Pero aquí hablamos, sobre todo, de identidad feminista como refuerzo solidario, igualitario, emancipador, como pertenencia colectiva, con una trayectoria transformadora, opuesta al machismo, a su identificación y a la prepotencia relacional como expresión de dominación y privilegios, o sea, vinculado al poder opresivo y, a veces, violento del orden establecido. En ese sentido, una identidad sociopolítica liberadora y una ética fuerte, anclada en los derechos humanos y la democracia, favorece el compromiso cívico por la igualdad y la libertad; es positiva para las mujeres y para la humanidad, es decir, encierra un contenido universal.

No se trata, por tanto, de la diferenciación o simple interacción entre géneros más o menos marcados y plurales, con distintas feminidades y masculinidades y posibilidades combinatorias, sino de la diferenciación entre feminismo y machismo y, por otra parte, entre un feminismo elitista o solo retórico, centrado en romper los «techos de cristal», y un feminismo popular, que apuesta por superar los «suelos pegajosos».

El pensamiento posestructuralista de Judith Butler tiene sus límites para hacer frente a los desafíos que suponen la consecución de la igualdad y la libertad de las mujeres. Desde distintas corrientes feministas se están realizando muchas contribuciones interesantes. Por citar otra feminista eminente, su colega estadounidense Nancy Fraser ha hecho aportaciones críticas significativas sobre el papel subordinado de las mujeres en la reproducción social y de cuidados y su vinculación con la segmentación capitalista y la división racista.

El sujeto social, imprescindible para la transformación colectiva

La acción feminista, individual y colectiva, junto con el cambio de actitudes y mentalidades más igualitarias, ha forjado una identidad feminista en el contexto histórico y estructural específico de las cuatro olas feministas.

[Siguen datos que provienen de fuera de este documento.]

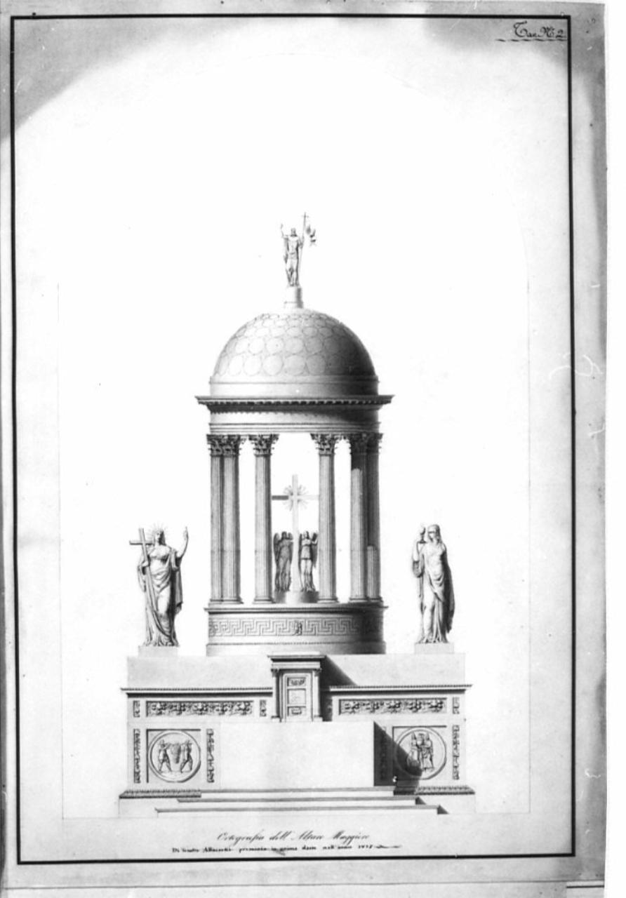 Prospetto di un Altare a china e bistro, su fondo acquarellato giallo e azzurro entro linea di margine a china sormontato da ciborio a foggia di tempio circolare (tholos) con colonne scanalate con capitello corinzio. Alla sommità della cupola una statua con "Cristo Trionfante". A fianco del Ciborio la Fede: a sinistra figura togata con la Croce, a destra il calice dell' Eucarestia. All' interno del ciborio angeli che sorreggono la Croce. Ai lati del tabernacolo due colonnine a capitello corinzio. Il basamento del ciborio, preceduto da tre gradini, è decorato con specchiature fitomorfe; a sinistra tondo con il torchio mistico. A destra tondo con due portatori di vaso. Foglio marginato.

El sujeto es esa movilización feminista, esa corriente social y cultural emancipadora de claro sentido progresista.

No está definido por sus rasgos materiales u objetivos, biológicos, sexuales o de posición social dominada, con sus rasgos étnicos y de clase social, sino por su práctica sociocultural contraria a la discriminación y a las desventajas por razón de su sexo/género; es decir, por su comportamiento relacional, en el que interviene su subjetividad, frente a las ventajas comparativas de los varones, y la persistente segmentación, discriminatoria por sexo/género, de la vida pública, la actividad productiva y la reproducción social y de cuidados derivadas de las estructuras patriarcales de un sistema opresivo ancestral. 

Además, esa dinámica feminista está conectada en cada fase histórica con las estructuras económicas, sociales, culturales y políticas dominantes. La cuestión es cómo superar la desigualdad de género a través de la acción colectiva y la identificación feminista de un sujeto sociopolítico, junto con la ciudadanía progresista, capaz de transformar esas dinámicas discriminatorias.

La teoría de Butler sobre la importancia de la performatividad y las normas y discursos en la conformación del sujeto de género tiene elementos valiosos frente al determinismo y el esencialismo dominantes en otras tradiciones y hoy instrumentalizados por el feminismo transexcluyente, como bien critica la autora. El constructivismo social o de género rompe con los fundamentos discursivos naturalistas, positivistas o deterministas tradicionales y pone el énfasis en la capacidad de agencia de los propios seres humanos. El problema de un constructivismo voluntarista o irrealista, como la propia Butler reconoce, es la infravaloración de la realidad social o material (los propios cuerpos), que a veces se niega o se rechaza como incognoscible, y la sobrevaloración de la capacidad arbitraria y voluntarista de las ideas individuales.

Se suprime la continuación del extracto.